- [Stored data]
--

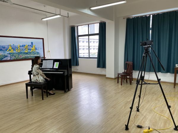 记者前往香江校区进行探访,一间直播间内正在直播乒乓球课,老师通过和1名助教学员在球台上的互动,向大家展示打球技巧,一旁的另一名助教则不断调试着直播角度。在声乐直播教室里,京韵京歌老师陈幼立正在为直播试课,陈老师不仅认真讲解了京韵京歌的有关知识,还一边拉着京胡一边现场展示了一段歌曲《我的中华》,激情高昂的歌声在教室里不断回荡。陈老师说:“直播对我是一种新的挑战,线下课程可以有互动,可是线上需要老师有充分的准备,45分钟不断往外吐出来的都是‘干货’,理顺体制后,学校对教学计划和教案要求规范严格,处处体现着按规律办学、以质量兴校的教育追求。毫不夸张地说,我的教案改了N遍”。
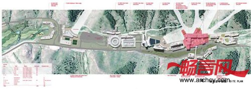 本项目建于山区,地形高差复杂,建筑设计顺应地势,设计了不同标高、不同大小的广场、露台、庭院,减少了工程的土方量,同时形成了丰富的室内室外空间,使室内外空间自然渗透。建筑立面采用大面积落地玻璃窗与文化石、仿古砖饰面的虚实对比,屋顶采用金属坡屋顶,极具山地建筑的特色。
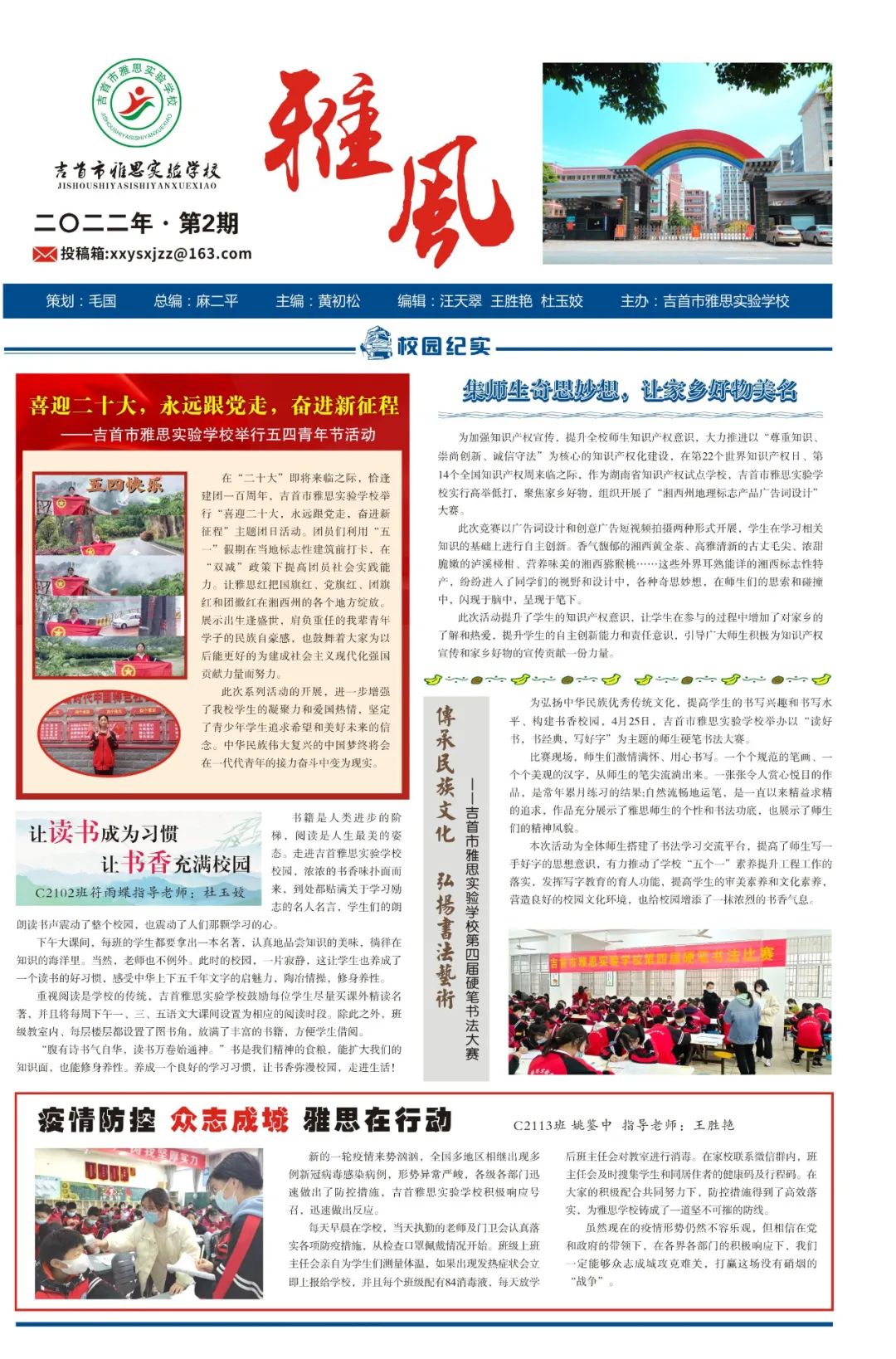 《雅风》校刊第二期与大家见面啦!随着校刊的创立,雅思多了一个记录学生成长的空间,多了一个展示师生风采的窗口,多了一个传递学校精神的纽带,多了一个交流思想的平台。

--

- [Assignment] No pictures belong in the copy. Return exactly the lines from the line containing "本项目建于山区,地形高差复杂" through the last line of the listing.

- [Reply to the exercise]
 本项目建于山区,地形高差复杂,建筑设计顺应地势,设计了不同标高、不同大小的广场、露台、庭院,减少了工程的土方量,同时形成了丰富的室内室外空间,使室内外空间自然渗透。建筑立面采用大面积落地玻璃窗与文化石、仿古砖饰面的虚实对比,屋顶采用金属坡屋顶,极具山地建筑的特色。
 《雅风》校刊第二期与大家见面啦!随着校刊的创立,雅思多了一个记录学生成长的空间,多了一个展示师生风采的窗口,多了一个传递学校精神的纽带,多了一个交流思想的平台。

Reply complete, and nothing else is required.